Almost all Emacs users are familiar with Steve Yegge’s Effective Emacs post. If you’re an Emacs user and haven’t read it, stop what you’re doing and go read it right now. As it happens, Yegge wrote several posts about Emacs and one of my favorites, which I’ve just reread is The Emacs Problem.
That post begins with a claim by one of Yegge’s colleagues that Lisp is not a good language for text processing, that Emacs goes to show that, and that Emacs should be rewritten with Ruby as the interpreter. I know, I know; me too. But Yegge examines that claim seriously and in the process generates an wonderfully readable case that nothing but Lisp is really any good at text processing.
He begins by noting that when we think of text processing we almost always think of regular expressions as the main tool. He notes that Lispers are generally skeptical of regexps and say things like, “Regexps aren’t useful for tree structured data and why are you storing your data as text in the first place instead of s-expressions (that is, as Lisp)?” Then he goes into a comedy routine about log files and how they’re usually just a line or two of text that is most easily processed with regexps and that those Lisp losers appear not to know that.
But then he says that he just noticed that his java.util.logging
output had suddenly changed to being XML (this was with Java 1.5 in 2005).

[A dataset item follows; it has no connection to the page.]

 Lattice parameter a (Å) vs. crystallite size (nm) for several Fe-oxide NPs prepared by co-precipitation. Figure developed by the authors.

He gives an example of a short text-based log entry and the corresponding entry in XML and concedes that sometimes the extra metadata in the XML can be useful and that tools like Xpath
provide a powerful way of processing and querying XML data.
Next, he gives the same data as an sexpr. It’s shorter, clearer, and much easier to read than the XML and can be operated on by Xpath
-like tools available for Lisp. In fact, you can think of the data as executable and write functions or macros that can make it transform or process itself. He then identifies the Text-Processing Conundrum:
- You want to be able to store and process text data.

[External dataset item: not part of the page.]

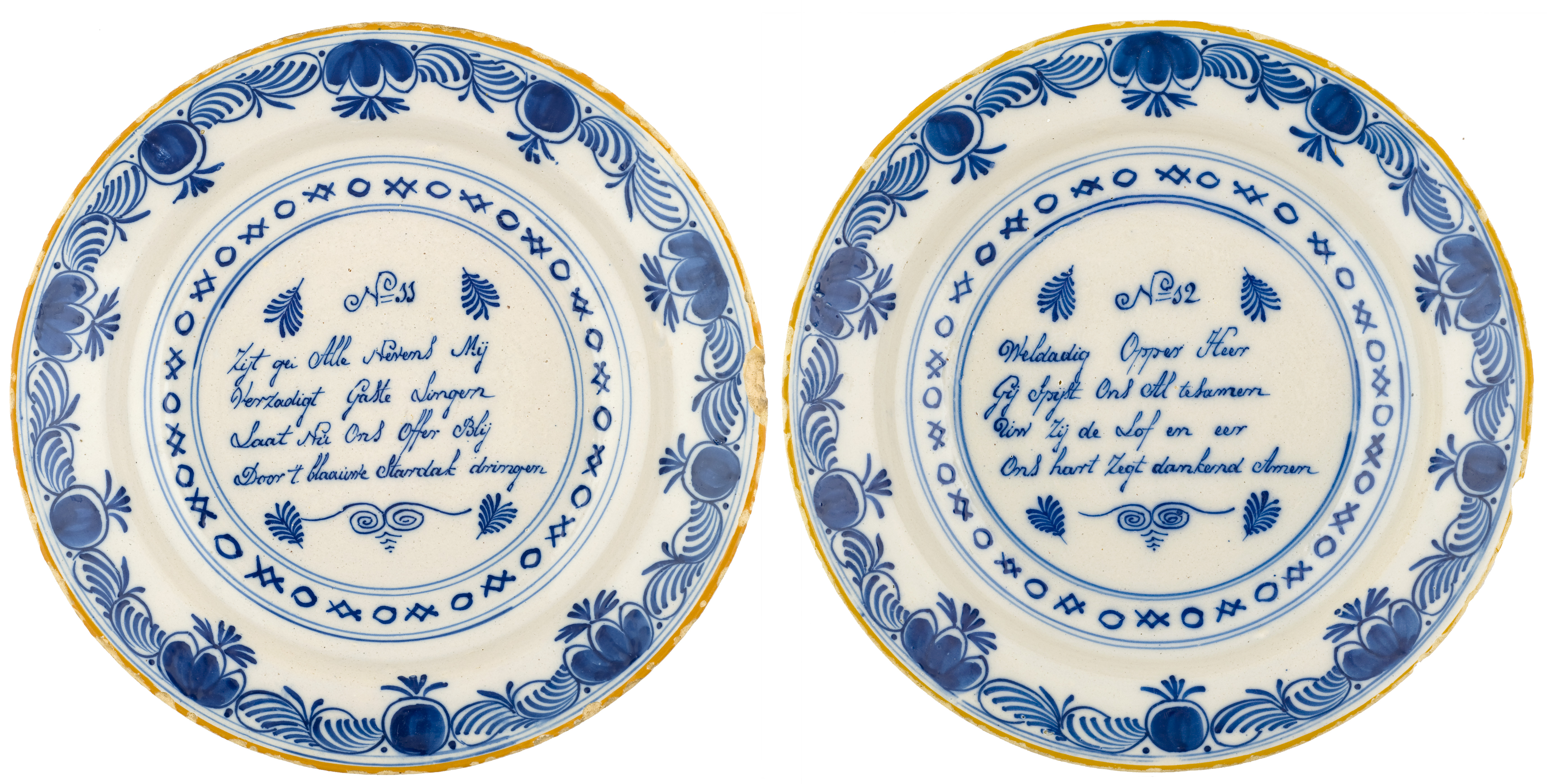 Both these tin-glazed earthenware Delft plates are similarly decorated with a floral and fruit scroll border on the rim and a prayer in Dutch in the centre. The one plate has Prayer No. 11 for after the meal which reads: “Zijt gei Alle Nerens Mij / Verzadigt Gaste Singen/ Laat nü Ons Offer Blij / Door’t blaaute Stardak dringen” (You are always near me / Fed guests sing / Let our offering remain / and penetrate the blue starry sky) and the other No. 12 a prayer for before the meal, which reads: “ Weldadig Opper Heer / Gij Spijst Ons Al tesamen / Uw Zij de Lof en eer / Ons hart Zegt dankend Amen” (Benevolent sovereign Lord / You feed us all / to You the praise and honour / our hearts say thankfully amen”).

- Doing this effectively requires the data be tree structured in all but trivial cases.
- The only good, general tool for doing this is XML.
- XML processing is supposed to be easy but rapidly becomes complex when you start using tools like
XSLT
andXQuery
or worse yet write your own transformations using aSAX
orDOM
processor in the language of your choice. - But those are your only options.

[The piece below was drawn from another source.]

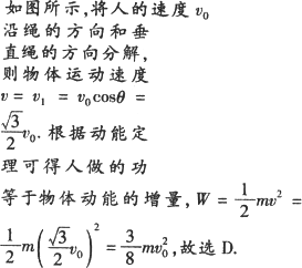 如图所示,质量为m的物体静止放在光滑的平台上,系在物体上的绳子跨过光滑的定滑轮,由人拉着在地面上以速度v0向右匀速运动.设人由平台的边缘开始向右行至绳与水平方向或30.角处,在此过程中人所做的功为

Unless you’re using Lisp. With Lisp, data is code and so you can store your data as a Lisp program. Querying and transforming it are almost trivial.
He goes on to consider other text processing such as configuration files and finds that the same principles apply only more so. By writing your configuration file in Lisp, it ceases being a configuration file and becomes part of your program.
Finally, he considers the question of rewriting Emacs in some other language. He goes through all the usual reasons why that’s not practical (at least until guile becomes the interpreter for Emacs if it ever does) and recites the usual litany of political problems surrounding Emacs and RMS.
To my mind, though, he misses the main point. Why would you want to write it in something besides a Lisp-like language. As he amply demonstrates in the first part of the post, Lisp is a great language for text processing and the only one without serious problems. Sure, a lot of the text that Emacs deals with isn’t tree structured, but a lot of it is and Emacs has a powerful regexp system for the text that isn’t. Just read through Xah Lee’s excellent series of articles on text processing with Emacs, for instance. A recurring theme in Lee’s posts is text-soup automation in which he uses Elisp to transform arbitrary text.
Yegge’s post is excellent and if you haven’t read it, you’re missing out on a treat. Also be sure to read the comments. He develops some of the ideas in the post further in responses to the commenters.